Title page for ETD etd-09242012-070549


Type of Document Dissertation
Author Bibb, Wanda
Author's Email Address wbibb@hcps.us
URN etd-09242012-070549
Title Perceptions of Eight High School Principals Regarding World-Mindedness in Education
Degree Doctor of Education
Department Educational Leadership and Policy Studies
Advisory Committee
Advisor Name Title
Cash, Carol S. Committee Chair
Earthman, Glen I. Committee Member
Staley, Robert S. Committee Member
Twiford, Travis W. Committee Member
Keywords
  • World-Mindedness
  • Diversity
  • School Culture
  • Internationalism
  • Global Education
  • Multicultural Education
  • Multiculturalism
Date of Defense 2012-09-10
Availability unrestricted
Abstract

The purpose of this study was to explore the perceptions of eight high school principals regarding world-mindedness. Classrooms filled with students of various heritages present a three-fold challenge to principals: a) to welcome and educate students of all heritages; b) to teach students to respect and accept people who are different from themselves; and c) to graduate students prepared to live and work in a global economy. The study involved interviewing principals from eight high schools in central and northern Virginia: a) three public high schools with relatively high percentages of LEP students; b) three public schools with much lower percentages of LEP students; and c) two private international schools. The interview questions probed not only how the principals felt about world-mindedness but also about their roles in building world-minded schools and how they would recognize world-mindedness.

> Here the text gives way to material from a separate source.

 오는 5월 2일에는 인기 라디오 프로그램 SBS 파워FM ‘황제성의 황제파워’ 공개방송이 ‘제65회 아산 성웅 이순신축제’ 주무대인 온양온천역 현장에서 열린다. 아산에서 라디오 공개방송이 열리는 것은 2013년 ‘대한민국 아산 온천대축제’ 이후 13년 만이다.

The findings were as follows: a) all participants agreed on the importance of world-mindedness in education; b) world-minded practices were absent from some schools; c) offering the International Baccalaureate Program did not necessarily make a school highly world-minded; d) participants did not need extensive experiences outside the United States to be highly world-minded; e) demands from outside forces encouraged participants to be world-minded; f) community demographics affected participants’ perceptions of schools’ levels of world-mindedness; g) participants in schools with diverse student bodies seemed to be more world-minded; h) highly world-minded participants used conversations to raise and maintain world-mindedness; i) highly world-minded participants used websites to promote world-mindedness; j) highly world-minded schools possessed tangible and intangible elements of world-mindedness; and k) some participants confused world-mindedness with anti-racism.

Implications were that principals should a) seek professional development opportunities; b) include world-mindedness in communications; c) start with tangible elements to build intangible elements of world-mindedness; and d) have frequent conversations about world-mindedness with stakeholders. The recommendations for further research included a) creating world-mindedness continuums; b) building world-mindedness in homogeneous student bodies; c) using international schools as world-mindedness models; and d) distinguishing world-mindedness from anti-racism efforts. In conclusion, the growing diversity in U.S. classrooms presents principals with a mandate to work toward high levels of world-mindedness and, thus, become diversity change agents.